Research connects: Blood-based biomarker testing with Dr. Mari DeMarco and Dr. Natanya Russek

Diagnostic Breakthrough

Blood-based biomarker testing for Alzheimer's disease has surged in relevance following regulatory milestones in 2025. The U.S. Food and Drug Administration cleared tests like Fujirebio's Lumipulse in May and Roche's Elecsys in October, marking the first approvals for plasma assays that detect amyloid pathology. These developments address longstanding diagnostic hurdles, where traditional methods like positron emission tomography (PET) scans or cerebrospinal fluid analysis are costly, invasive, and limited in availability.
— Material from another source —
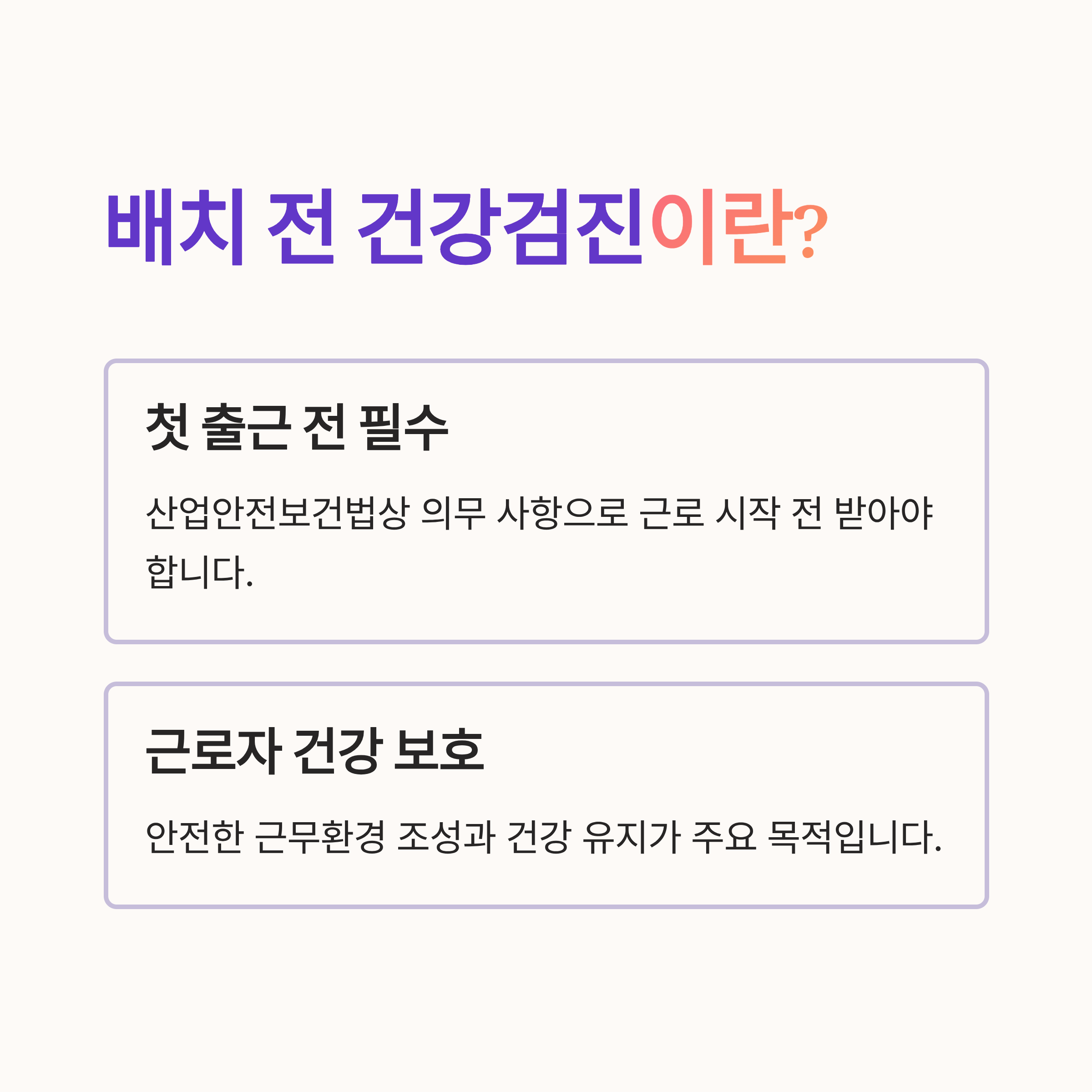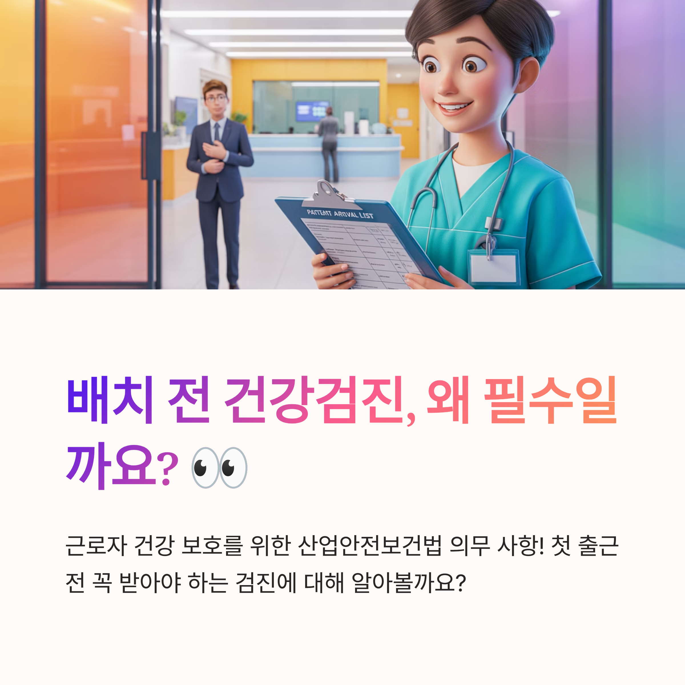 안녕하세용! 오늘은 산업안전보건법에 따라 의무적으로 받아야 하는 "배치 전 건강검진"에 대해 이야기해볼까 해요. 어쩔 땐 일찍 일어나기보다 더 버거운 일이 바로 건강검진이죠! 😅 동의하시죠? 하지만 알고 보면 근로자 건강 보호 씬에서 빠질 수 없는 필수 요소랍니다. 너무 걱정하지 마셈. 요거 잘 읽고 다 이해하고 나면 별거 아닌 게 되실 겁니다! 준비됐죠? 고고!(물론 여기서 잠깐, 탐험 준비 완료ㅎ)

The real-world impact is profound for the estimated 55 million people worldwide living with dementia, a figure projected to triple by 2050 due to aging populations. Early detection via blood tests, which cost hundreds rather than thousands of dollars, could enable timely access to anti-amyloid treatments like lecanemab, potentially slowing cognitive decline. In the U.S. alone, Alzheimer's care expenses exceed $300 billion annually, with delays in diagnosis exacerbating burdens on families and healthcare systems.

Concrete stakes involve not just financial savings but also health outcomes. Studies show that biomarkers like the p-tau217/amyloid-beta ratio predict symptom onset with accuracy rivaling PET, within three to four years. Risks of inaction include missed opportunities for clinical trials and preventive measures, as untreated amyloid buildup accelerates neurodegeneration. Deadlines are implicit in disease progression: once symptoms manifest, interventions are less effective.
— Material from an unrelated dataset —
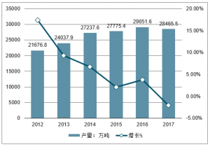 飼料行業(yè)是現(xiàn)代畜牧業(yè)和水產養(yǎng)殖業(yè)發(fā)展的物質基礎,同時連接著種植業(yè),是農業(yè)產業(yè)鏈中的重要環(huán)節(jié)。從近六年中國飼料產量來看:2012-2015年飼料產量增速有所回落,2016年增速開始上升。其中2016年中國飼料產量為29051.6萬噸,同比增長3.8%;2017年中國飼料產量達到28465.5萬噸,飼料產量稍有下降。

Non-obvious angles emerge in implementation. While blood tests promise equity by reaching underserved areas, performance varies across ethnic groups, as seen in studies from Latin America emphasizing the need for diverse validation. Tensions arise between stakeholders—pharmaceutical firms push for broad adoption to expand drug markets, while clinicians warn against standalone use, advocating integration with neuroimaging to avoid false positives. Surprising data reveals that multimarker panels boost diagnostic accuracy to 97%, yet point-of-care versions lag in reliability for remote settings.

Trade-offs underscore the balance between speed and caution. Over-diagnosis could lead to unnecessary anxiety or treatments, especially in primary care where Roche's test is cleared for ruling out pathology. Conversely, underuse perpetuates disparities, with racial minorities underrepresented in trials despite higher dementia rates in some groups.